There are so many questions we could explore: How does Poe rely on first person narration as a way to tell his stories? Does he shift narrative perspective to third person within stories (i.e. using both “I” and “he”) or does he mostly pick one perspective for his tales? Might Poe use prepositions to layer his writing while drawing the reader in? Or, does Poe rely on forms of contradiction signaled by the frequency of but and not to keep his readers on their toes?

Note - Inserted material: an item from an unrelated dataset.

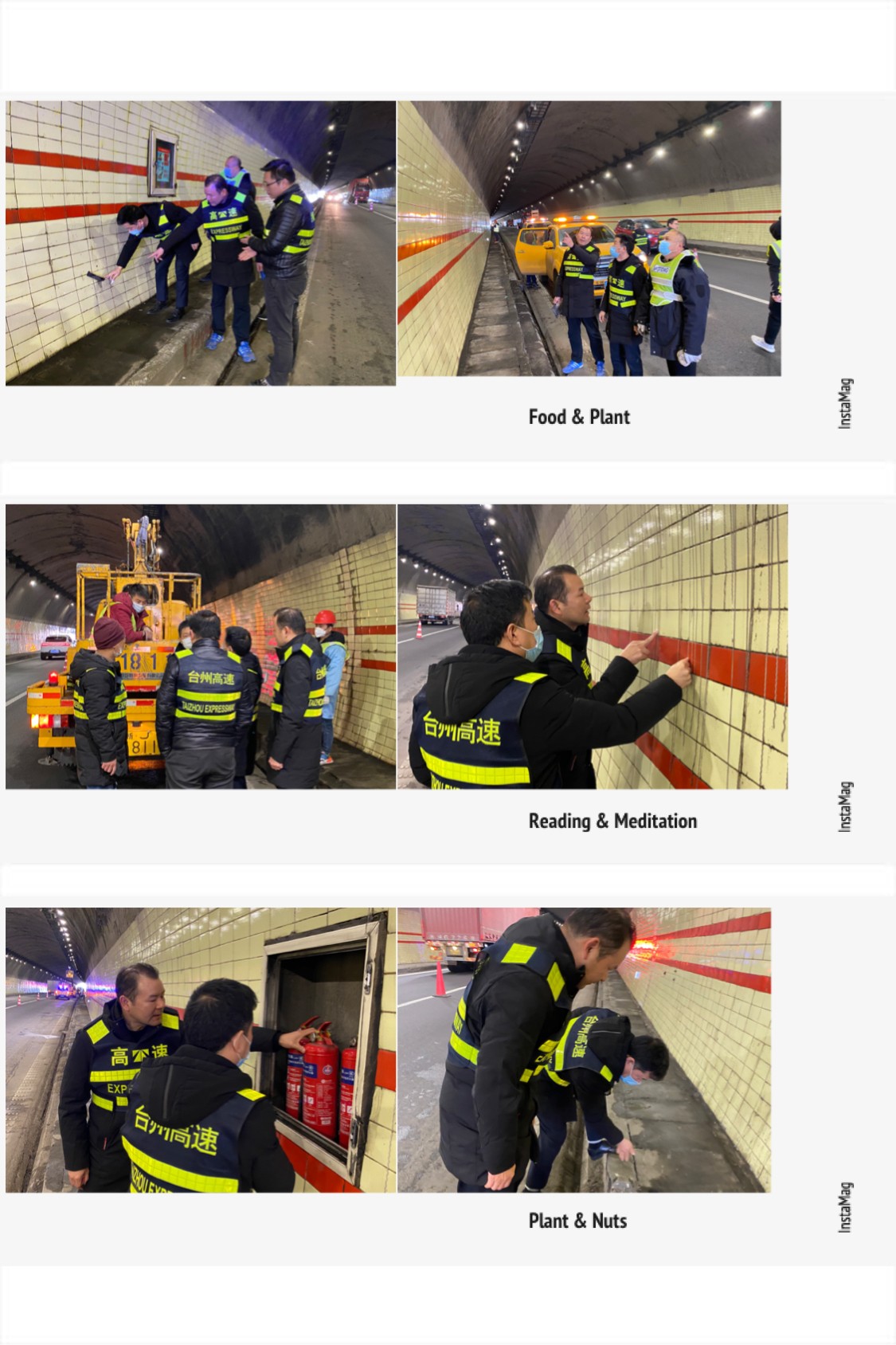 “洞口反光標牌再擦擦,這瓷磚用拖把搓一搓!” “隧道經擦洗顯得更亮堂了。”

For now, however, I will save such inquiries for another day. I want instead to better understand all that dark diction readers traditionally associate with Poe.
Bring on the gore!
Visualizing Poe’s Diction of Gore and Horror
I scoured Poe’s stories for the words I associate most with gore and horror in writing and film, plucking out the top 50 that screamed loudest. To my surprise, Poe employs such words with monkish restraint. Yes, night and death get used with some respectable frequency, but all the rest? Not so much:
night (92), death (85), horror (43), terror (36), dead (28), blood (27), dark (27), pain (20), darkness (18), cat (15), corpse (15), violence (14), cry (12), violently (12), violent (11), deadly (10), terrors (8), horrors (7), murder (6), torture (6), painful (5), cats (3), darkest (3), pains (3), rotted (3), scream (3), screamed (3), tortured (3), cries (2), darker (2), deaths (2), murdered (2), night’s (2), nightly (2), screams (2), suffocating (2), violate (2), violation (2), cat’s (1), corpses (1), crying (1), deaden (1), deathful (1), kill (1), killed (1), pained (1), painfully (1), screaming (1), suffocation (1), torturer (1), tortures (1), violated (1)My list of the 50 most frequently used words I associate with gore and horror in Edgar Allan Poe’s short stories.
Take a look for yourself. Use the interactive pie charts below to compare how frequently different horrific words appear in Poe’s short stories. You will see what I mean.
The literary data and visualizations lead me to what might be Poe’s greatest twist: If you are looking for gore, Edgar Allan Poe is not you author. When he writes, the fact is Poe doesn’t rely as heavily on shocking diction as one might expect. Instead, Poe locks the reader into the story with suspicious narrators and characters whose unsavoriness (to put it mildly) unfolds gradually and often intimately.
For example, consider this excerpt from The Telltale Heart:
“True, nervous, very, very dreadfully nervous I had been and am, but why will say that I am mad?! The disease had sharpened my senses, not destroyed, not dulled them. Above all was the sense of hearing acute.”
Or, in this line from The Pit and the Pendulum:
“And then there stole into my fancy, like a rich musical note, the thought of what sweet rest there must be in the grave.”
Poe doesn’t appear to rely too heavily on lexical shock factors as I first assumed. Most of the time, he’s just patiently telling interesting stories with characters who are in some ways as relatable (what reader can’t relate with at least some feeling of madness?) as they are darkly extraordinary and even violent.
A Take Away
So what do the data tell readers about Poe? For me, I gained a new appreciation for how Edgar Allan Poe achieves the level of suspense he does. Poe knows readers fear not for themselves when they read. Readers fear for characters with whom they empathize: not that readers must like the characters, but readers do have to encounter characters in whose postlapsarian state they feel to be fit company. Then, when Poe presents sensational words like blood or corpse or horrors before the reader’s eyes, the words’ effects are felt all the more deeply. The reader doesn’t scream. What they do is far more aesthetically powerful, and the artful result of a story masterfully woven. They care.